The suspension of Chief Constable David Crompton of South Yorkshire Police came a day after an inquest jury concluded that the Liverpool fans who died in an overcrowded, fenced-in enclosure at the ground in Sheffield had been unlawfully killed, with police accepting catastrophic mistakes had been made.
“Those responsible must be held to account for 96 unlawful deaths and a 27-year cover-up,” Andy Burnham, the opposition Labour Party home affairs spokesman who has long campaigned for “Justice for the 96”, told parliament.
The Hillsborough tragedy changed the face of English soccer with banks of terracing and metal fences around pitches replaced by modern, all-seated venues.
However, families of the victims and survivors were forced to fight for decades to overturn original conclusions that the deaths were accidental and to combat initial police claims that drunken Liverpool fans without tickets had stormed into overcrowded pens.

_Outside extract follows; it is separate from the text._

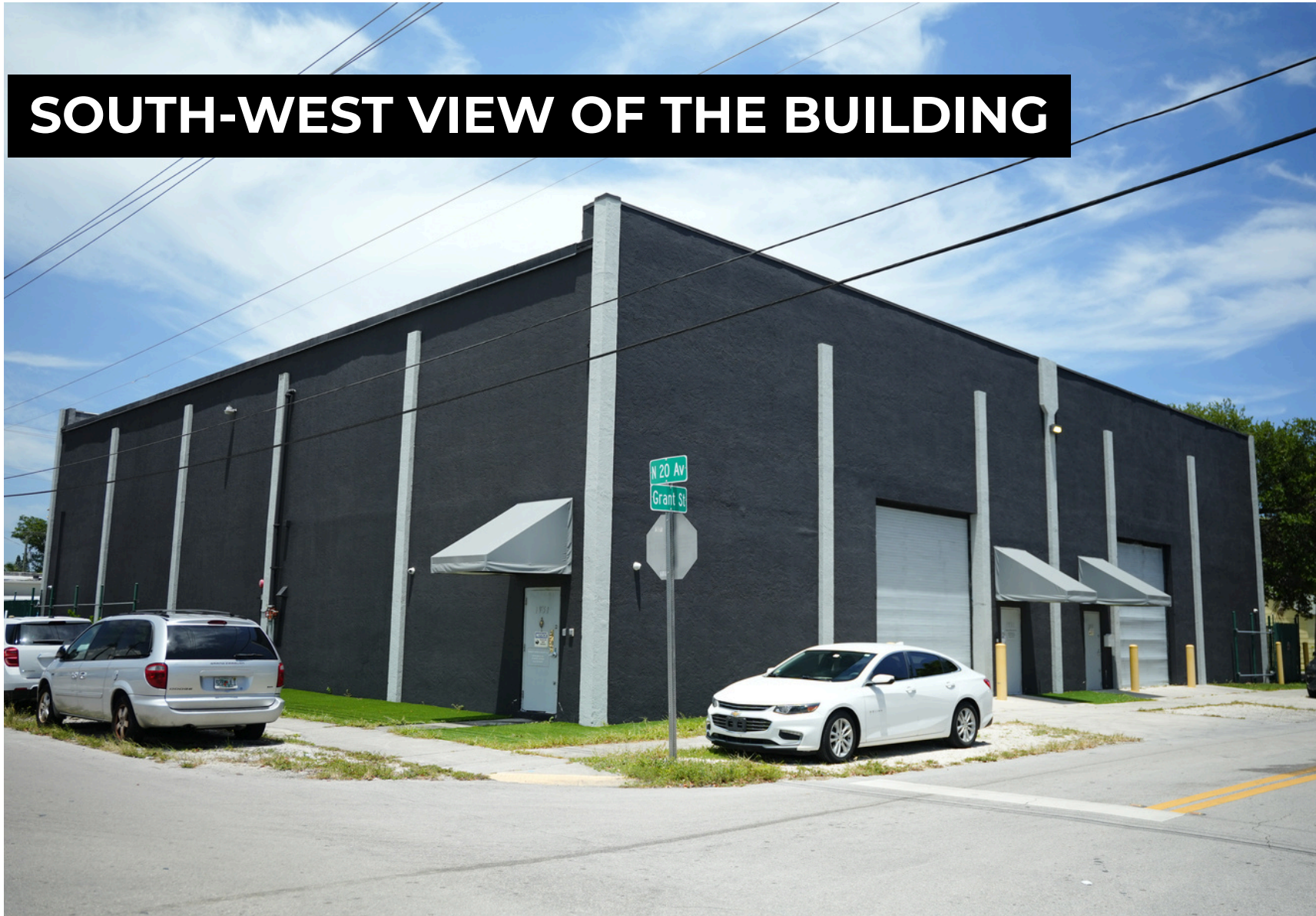
SOUTH-WEST VIEW OF THE BUILDING

The jury absolved supporters of any blame, and David Duckenfield, the police commander in charge at the match, admitted to the inquest he had lied about fans forcing a gate open, and acknowledged that his failure to close an access tunnel had directly caused the loss of lives.
Relatives along with Burnham and other lawmakers had said Crompton’s role as the local police chief was untenable as lawyers acting for the force had repeated the discredited claims about the fans and so perpetuated a cover-up during the two-year long inquest hearings.
Alan Billings, the elected Police and Crime Commissioner for South Yorkshire, said he had no choice but to immediately suspend Crompton, who was not involved in the events in 1989, because of the erosion of public trust and confidence in him.
“No one should have to endure what the families and survivors have been through. No one should have to fight year after year, decade after decade in search of the truth,” Home Secretary Theresa May told parliament.
“They suffered the injustice of hearing the victims, their loved ones, and fellow supporters being blamed.”
She said prosecutors were weighing up whether to bring criminal charges against those involved, with offences ranging from gross negligence manslaughter and misconduct in public office to perjury and perverting the course of justice.
Prosecutors and the independent police watchdog will conclude their investigations by the end of the year, May said, but Burnham and other lawmakers urged charging decisions to be made sooner.
Burnham, whose speech was greeted with rare applause in the House of Commons, said the lies about Liverpool fans’ behavior had persisted because there had been complicity between police, politicians and newspapers, a cover-up that went “right to the top”.